Amelie Lee ’23
Copy Editor Intern

When Frozen came out in 2013, middle-school me rewatched the movie three times in theaters, enraptured by the unforgettable music and emotional relationship of Anna and Elsa. Sitting in the Claremont movie theater six years later, surrounded by excited college students and a few dressed-up children, those enraptured feelings came back while watching Frozen II, whose gorgeous animation and unexpectedly heavy plot kept college-me just as compelled.

With dramatic family conflict and refreshingly sharp humor, Frozen II delivers what audiences loved from the original: an emotional tale of love, family and talking snowmen. While the story of Frozen didn’t necessarily need to be expanded, Disney’s most recent money-grab still creates a compelling story to watch on the big screen. The movie follows the sisters (Kristen Bell and Idina Menzel), Kristoff (Jonathan Groff), Olaf (Josh Gad) and Sven as they search for answers to Arendelle’s past, raising questions about their country’s treatment of the indiginous tribe Northuldra as they explore a magical forest with hostile nature spirits. While the plot wasn’t nearly as airtight and structured as the original, the additional complexities allow the audience to reconsider the morality of historical leadership—a surprisingly complicated theme in line with more adult Disney works such as “Thor Ragnarok” or “Captain Marvel.”

The first half of the movie was pleasantly paced, allowing the audience to figure out the woods’ mystery along with our beloved characters. Frozen II is visually gorgeous, with red and yellow leaves and icy oceans filling the big screen with truly beautiful animation of the world around Arendelle. I was completely hooked in the enchanted forest and the new characters it presented.

However, as the movie continued, I found myself wishing that some of the storyline were more fleshed out in the second half. As a two hour children’s movie, it’s difficult to expect every plot-point to be addressed, but I left the theater a bit unsatisfied with Kristoff’s character arc, with his problems magically disappearing as the story winds down from its climax. Additionally, while the idea of Arendelle having to sacrifice their country to repair damage to the Northuldra people was brought up, the movie never fully follows through, leaving a confusing moral lesson about reparations and the responsibility of historical predators. Predictably, the talking snowman and magical queen move quickly past this, with Frozen II spending more time on the movie’s sublime soundtrack instead.

While these new tracks will not become instant classics like “Love is an Open Door” and “Do You Want to Build a Snowman,” the soundtrack of Frozen II doesn’t disappoint, with catchy music that fits the storyline and stays in your head for days afterwards. The movie starts with the enchanting lullaby “All is Found,” setting the stage for Anna and Elsa’s new mystical adventure. “Some Things Never Change” is a fantastic upbeat reintroduction to Arendelle, and Elsa’s two new solos showcase Menzels’ impressive range, rivaling the iconic “Let it Go.” However, Kristoff’s song is by far the most memorable, with “Lost in the Woods” causing non-stop laughter from the audience for the entirety of its performance. A perfectly cheesy 80’s power ballad complete with reindeer backup singers and dramatic boy band poses, the song is perhaps the most enjoyable moment of the entire movie.

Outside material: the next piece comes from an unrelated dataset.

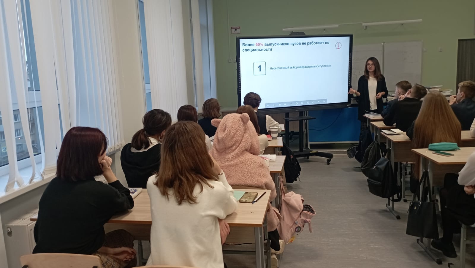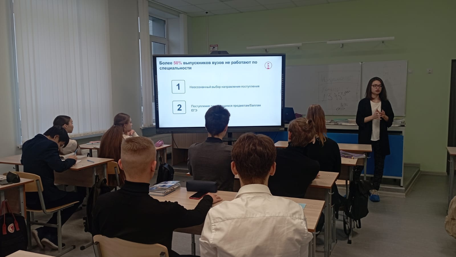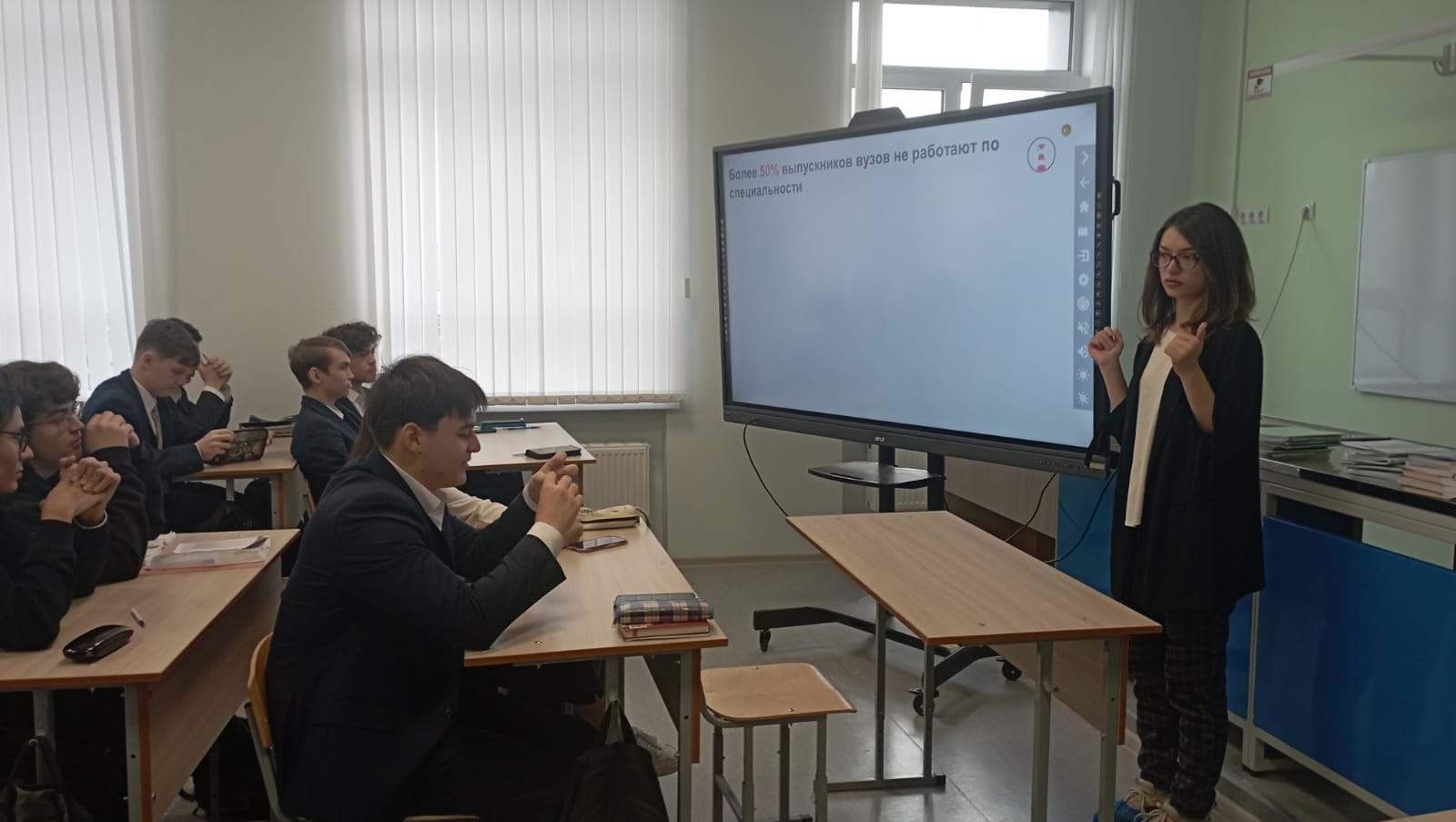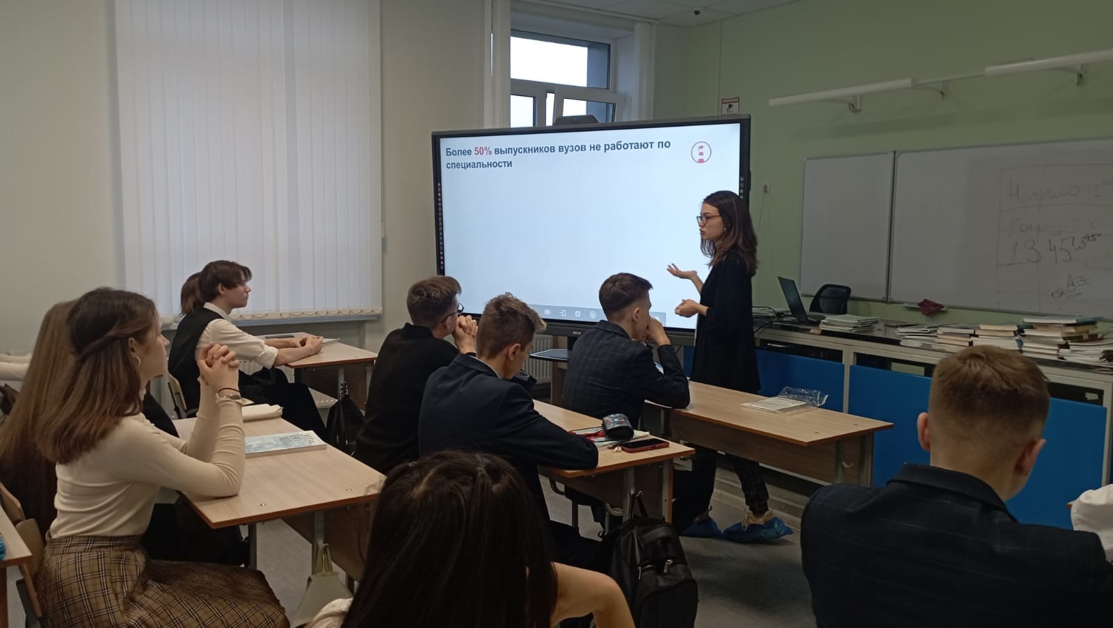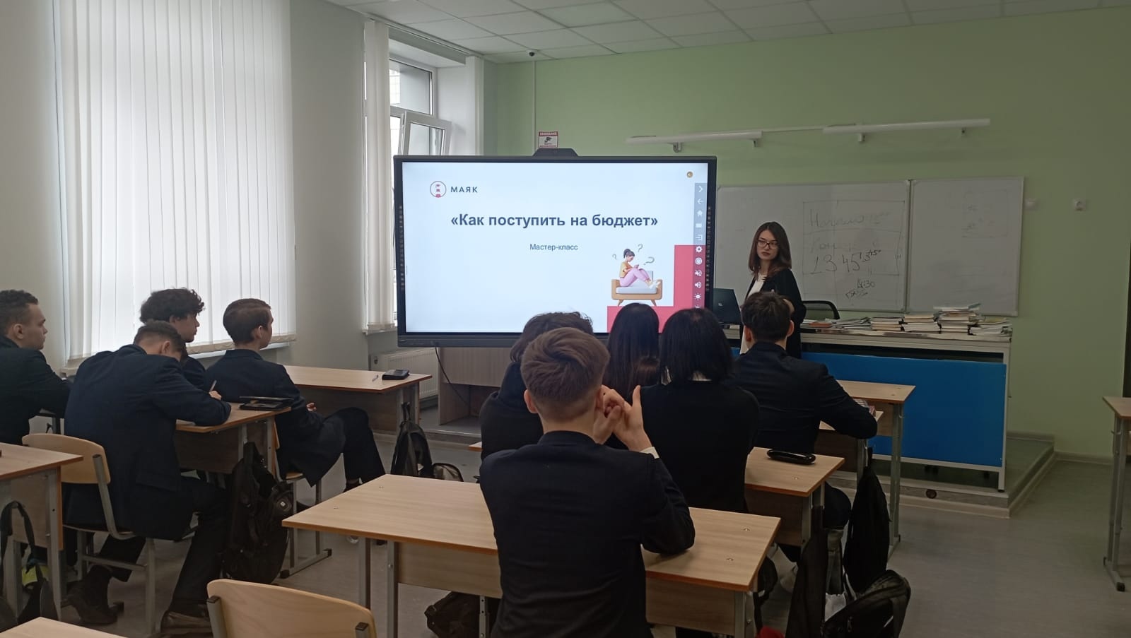 25.10.2022 специалист по профориентации Учебного центра "Маяк" провела мастер-классы в 11А, 11Б, 10А классах на тему "Как поступить на бюджет". Мастер-класс прошел в форме беседы, во время которой специалист рассказала ребятам о том, как поступить на бюджет после сдачи экзаменов.

Kristoff’s scene is an example of Frozen II’s best quality: its humor. While Olaf was a slightly annoying quirky comic relief in the original, he steals the spotlight in the sequel— every scene he is in is hilarious. From reenacting the entirety of the original movie to his jokes about the crises of adulthood, Olaf is much more than a slapstick sidekick in the new movie, giving the movie’s adult audience witty and existential quips to enjoy.

Overall, Frozen II accomplished what it set out to do, building an intriguing new world for children to see their favorite characters in and painting it’s now-older audience a complex portrait of historical responsibility. While I might not be Disney’s target demographic, Frozen II left me just as excited and unbearably prone to bursting out in song as the first.